In that paper the process of assembling subpixels in to a coherent "pixel" is called "spatial reconstruction". They call the "pixel" an "aperture" when talking about the subpixels working together. The subpixels are color phosphors and are clearly shown on page 28. These phosphors are not always used as a clear set. You could use the red phosphor from one set or any adjacent set depending on the "sharpness" of the lines. – HackSlash – 2018-01-15T17:16:41.480

5

It doesn't make sense. Or at least it doesn't on most LCD monitors. You will almost always want your "sharpness" set to 0, depending on the monitor or TV (some will blur the signal at 0, so the real unfiltered setting might be somewhere in the middle), otherwise, it will apply an edge enhancement filter, which makes the darker side of an edge darker and the lighter side lighter. This is especially noticable on cartoons and text. Your mileage may vary, but I think it looks bad in nearly every case.
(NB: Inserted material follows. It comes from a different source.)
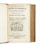 [MARCA].– BALUZE (Étienne) Illustrissimi viri Petri de Marca archiepiscopi parisiensis dissertationes tres. Paris, François Muguet, 1669. In-12 (17,6 x 11,2 cm), maroquin rouge, triple filet doré en encadrement des plats, armes dorées au...

This is a lossy, irreversible filter that you will probably not want to be activated. Your computer is sending pixel-perfect data, so "sharpness" and blurring filters are generally undesirable.
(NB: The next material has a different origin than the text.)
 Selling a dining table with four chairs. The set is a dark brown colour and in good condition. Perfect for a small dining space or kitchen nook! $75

Also note that the "sharpness" filter/setting is a misnomer. It is impossible to make an image sharper (i.e. having more detail), only less detailed. The only way to get a sharper image is to use a higher definition source image.

Beefster

Posted 2018-01-04T21:35:25.973

Reputation: 159

5

Sharpness settings exist on LCD panels because manufacturers think digital effects will sell more monitors and TV's. Rather than faithfully represent the input from the computer, the manufacturer gives the user options to tweak the picture to suit personal tastes, however poor those tastes may be.

"Sharpness" is relevant for analog signals (like VGA) and for CRT displays, where the signal is represented by waveforms at some point. Because analog tends to be imprecise, sharpness settings allow calibration for tolerances and compensation for imperfections in analog display output and signal transmission.
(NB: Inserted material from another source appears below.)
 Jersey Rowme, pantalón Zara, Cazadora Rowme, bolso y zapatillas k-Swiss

Sharpness ought to be irrelevant on LCD panels using DVI, HDMI, and other "pixel-perfect" data sources with a 1:1 resolution mapping. Yes, sharpness distorts the picture in this scenario. Displays in boxes stores often have sharpness and other digital filters cranked to extremes to appear more dramatic than the surrounding displays. Some consumers might actually want these effects because they have grown accustomed to the filters' effects or because they are trying to compensate for a poor-quality LCD panel that looks bad to the eye at native output. Sharpness might also be relevant when using a digital signal that must be resized because the source and display have different resolutions.

Overall, you probably want sharpness set to Off or 0 on a modern LCD display with a 1:1 digital signal.

http://hifi-writer.com/wpblog/?page_id=3517 and https://forums.anandtech.com/threads/why-does-an-lcd-tv-with-hdmi-input-need-a-sharpness-control.2080809/

bendodge

Posted 2018-01-04T21:35:25.973

Reputation: 131

4

Many monitors can accept a video signal that doesn't have the same resolution as the panel, and attempt to scale it as appropriate. If a monitor which is 1280 pixels wide is called upon to display an image which is 1024 pixels wide, and the source material consists of black and white stripes that are one pixel wide, the display would likely show a repeating 5-pixel pattern. On a scale of 0-4, the pattern would likely be 03214. If the black and white stripes in the original are "meaningful", showing them on as above may be helpful. On the other hand, the 5-pixel repeating pattern would be a distraction which isn't present in the original. Adding some blur to the image would reduce the aliasing effects of scaling.

supercat

Posted 2018-01-04T21:35:25.973

Reputation: 1 649

-1

Different settings are good for differnt content. These settings could also be changed on the source, but I and probably many others don't know where you can change the sharpness setting on a PC.

So there is an easy to access menu on the monitor, where sharpness can be changed.